— Activity —
Find the line with "Отделка снаружи: Современная" in the records below. Output exactly from there until after the line with "Ce lundi, dès", without pictures.
────────────────────
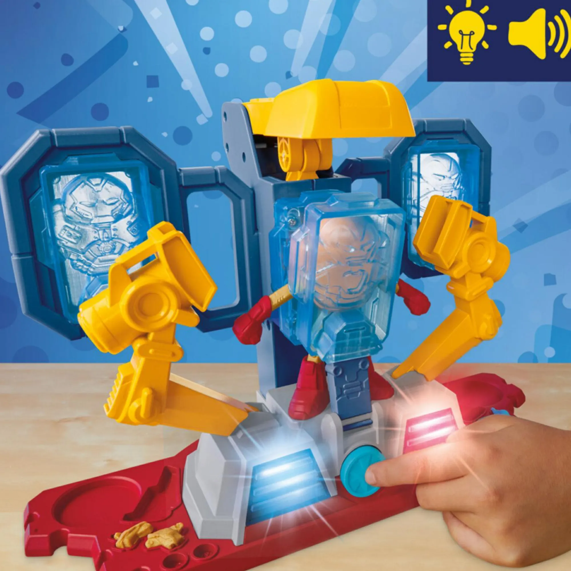 Action figure di Iron Man: Incluse armature Mark 3, Mark 85 e Hulkbuster per potenziare l’action figure flessibile di Iron Man, con 6 colori Play-Doh.
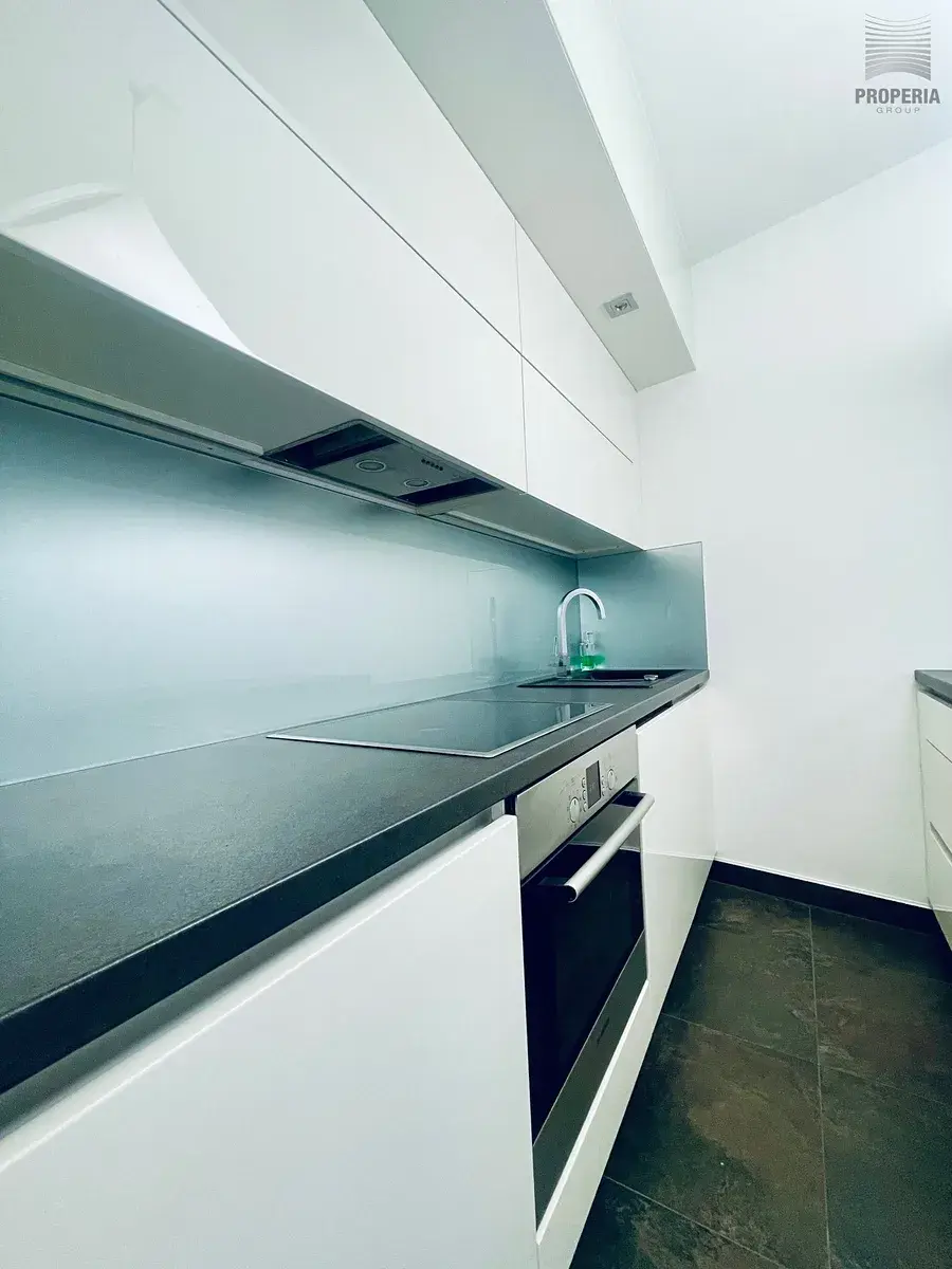 Interiér bytu je řešen prakticky i stylově - nabízí příjemnou atmosféru s dostatkem úložných prostor. K dispozici je kvalitní kuchyňská linka s vestavnými spotřebiči. Prostorná koupelna se sprchovým koutem a WC, podlahové vytápění, které zajišťuje komfortní bydlení.
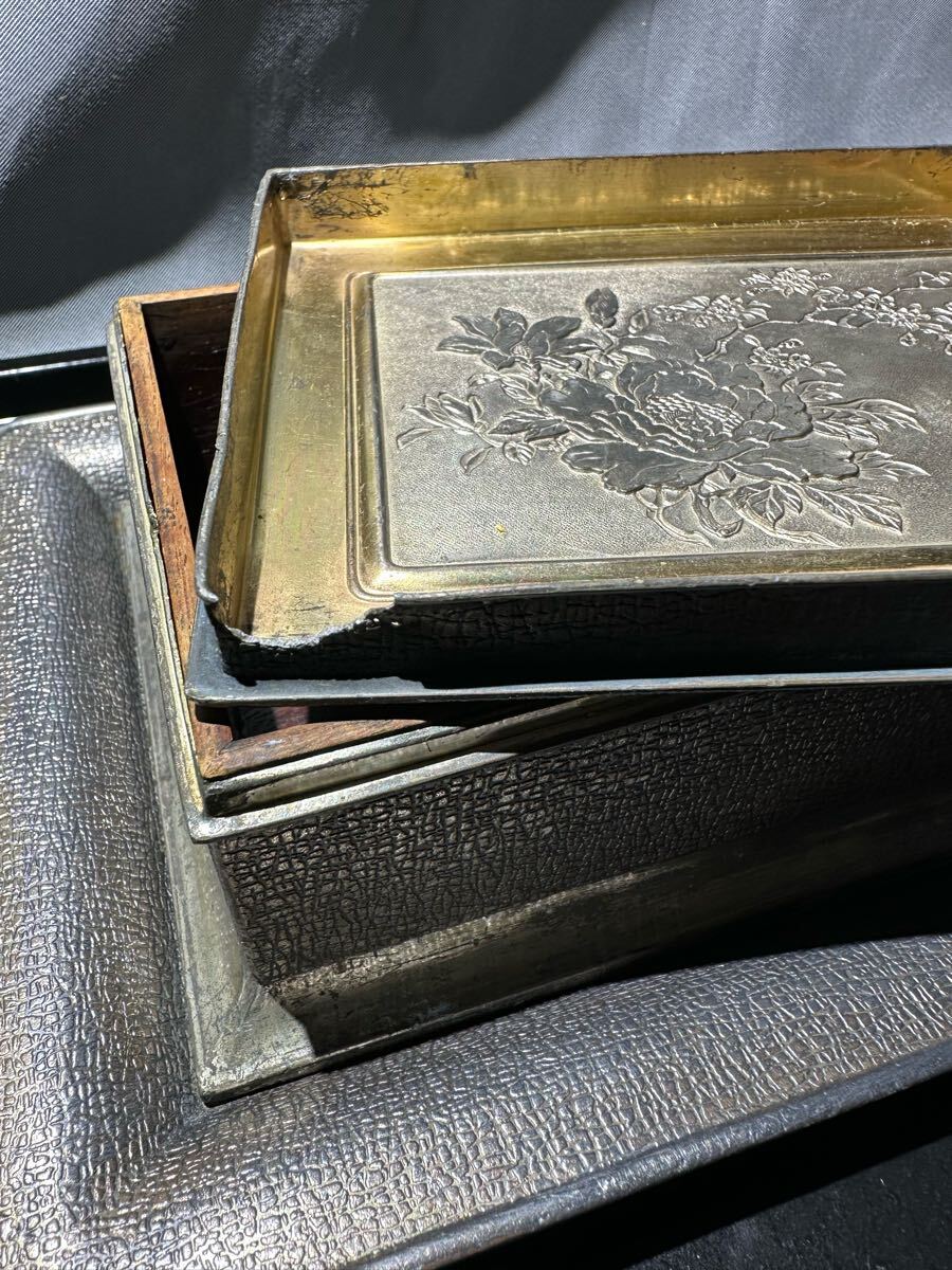 中古アンティーク 錫製 「Yヨット 一秀」刻印 煙草盆セット
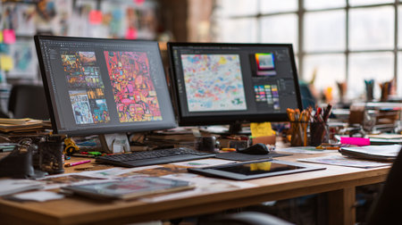 Modern graphic designer messy office showcases creativity and technology generated by artificial intelligence
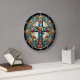 Autumnal Floral Stained Glass Cross Large Clock
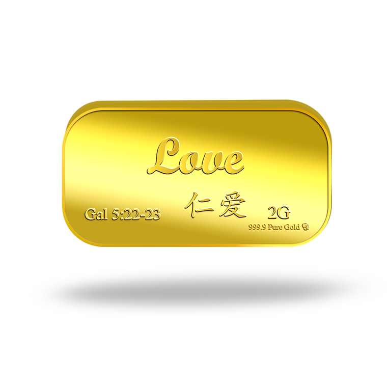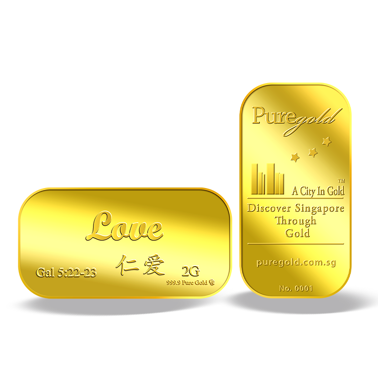 The image is embossed on a 2 grams 999.9 fine gold bar.
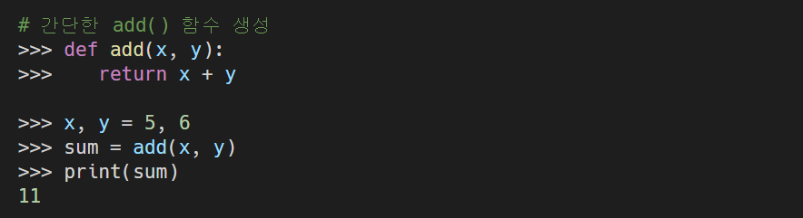 ① 변수 x, y를 생성 후 add() 함수에 x, y를 입력값으로 넣어준다.
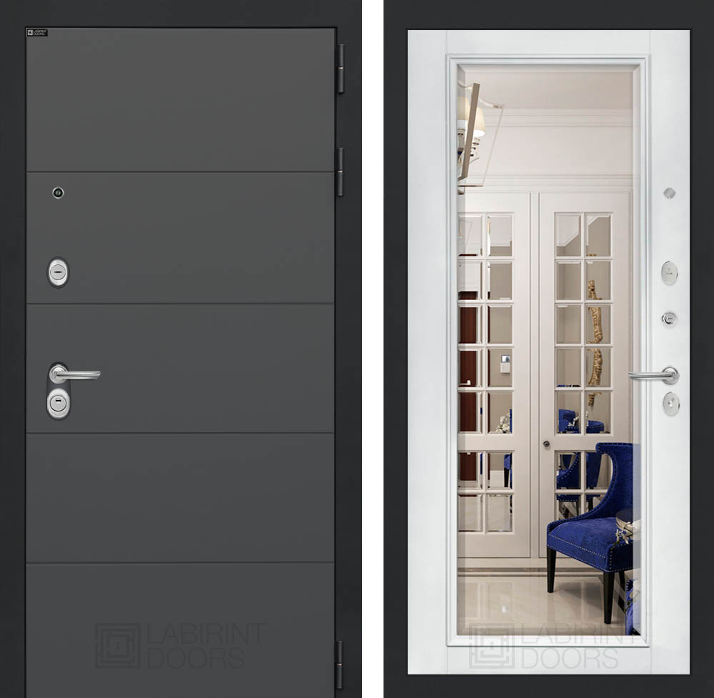 Отделка снаружи: Современная декоративная MDF панель 10 мм, цвет «Графит софт» с металлическим наличником, цвет покраски металла «Муар» серый с блестками
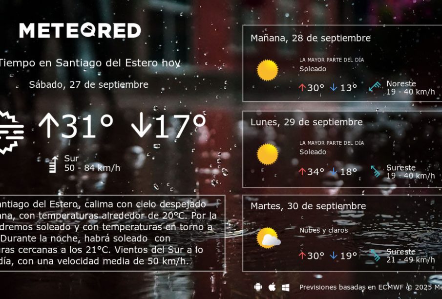 La provincia de Santiago del Estero se caracteriza por su clima continental, con temperaturas que pueden superar los 40°C en verano. A lo largo de octubre, las temperaturas han comenzado a aumentar, marcando el inicio de la temporada estival. Según los informes del Servicio Meteorológico Nacional, en las últimas semanas, se registraron temperaturas máximas de 37°C, y se prevé que esta tendencia continúe en los próximos días.
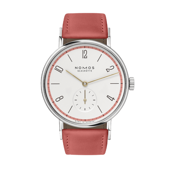 最定番モデル「タンジェント」をベースとした、日本限定モデル「秋35」。バウハウス100周年とノモス社創業30周年、日本上陸20周年を記念し誕生しました。 ノモスからみた日本の豊かな四季をイメージして、ダイヤル外周にリング状のカラーとストラップに季節に合わせた色を施しました。 ストラップは天然の草木染めを1本1本丁寧に染上げた柔らかみある色合いの革ストラップを装着。 秋35㎜は「茜」で染上げた革ストラップ。付属で純正テキスタイルナイロンストラップもついてます。 限定生産60本でシリアルナンバー入りです。
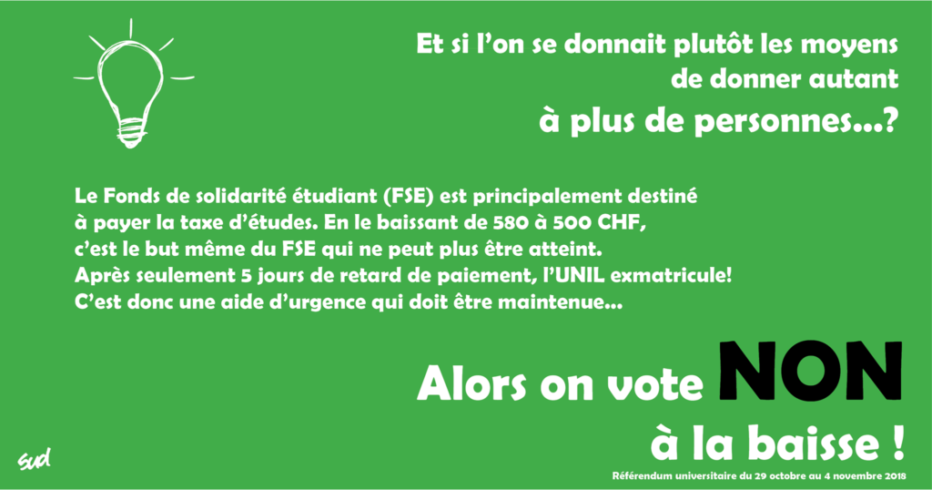 Ce lundi, dès 8h, toutes et tous les étudiant-e-s de l’UNIL se prononcent sur la baisse du montant maximal du FSE, grâce au référendum que nous avons lancé.
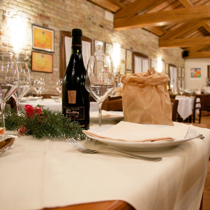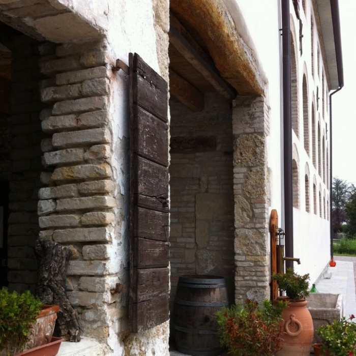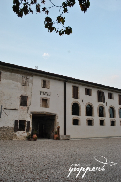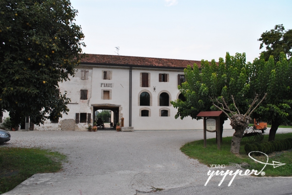 Immersa nella campagna e nella natura, la grande casa colonica che ospita Casa Plave si riconosce subito: un casolare di campagna che riporta sulla facciata la scritta con il suo nome originale “Piave”, il fiume che un tempo, prima di essere convogliato dentro gli attuali argini, correva libero nella pianura. La struttura anticamente era un casone di agricoltori mezzadri ampliato nell’ottocento mantenendo le pareti in sasso. Oggi ospita al piano inferiore la cantina, che si può ammirare attraverso le vetrate, e la sala per gli eventi al piano superiore con il soffitto in travi di legno a vista, un caldo arredamento in legno e un moderno bancone per la degustazione di vini e cocktail.
────────────────────
— Answer box —
 Отделка снаружи: Современная декоративная MDF панель 10 мм, цвет «Графит софт» с металлическим наличником, цвет покраски металла «Муар» серый с блестками
 La provincia de Santiago del Estero se caracteriza por su clima continental, con temperaturas que pueden superar los 40°C en verano. A lo largo de octubre, las temperaturas han comenzado a aumentar, marcando el inicio de la temporada estival. Según los informes del Servicio Meteorológico Nacional, en las últimas semanas, se registraron temperaturas máximas de 37°C, y se prevé que esta tendencia continúe en los próximos días.
 最定番モデル「タンジェント」をベースとした、日本限定モデル「秋35」。バウハウス100周年とノモス社創業30周年、日本上陸20周年を記念し誕生しました。 ノモスからみた日本の豊かな四季をイメージして、ダイヤル外周にリング状のカラーとストラップに季節に合わせた色を施しました。 ストラップは天然の草木染めを1本1本丁寧に染上げた柔らかみある色合いの革ストラップを装着。 秋35㎜は「茜」で染上げた革ストラップ。付属で純正テキスタイルナイロンストラップもついてます。 限定生産60本でシリアルナンバー入りです。
 Ce lundi, dès 8h, toutes et tous les étudiant-e-s de l’UNIL se prononcent sur la baisse du montant maximal du FSE, grâce au référendum que nous avons lancé.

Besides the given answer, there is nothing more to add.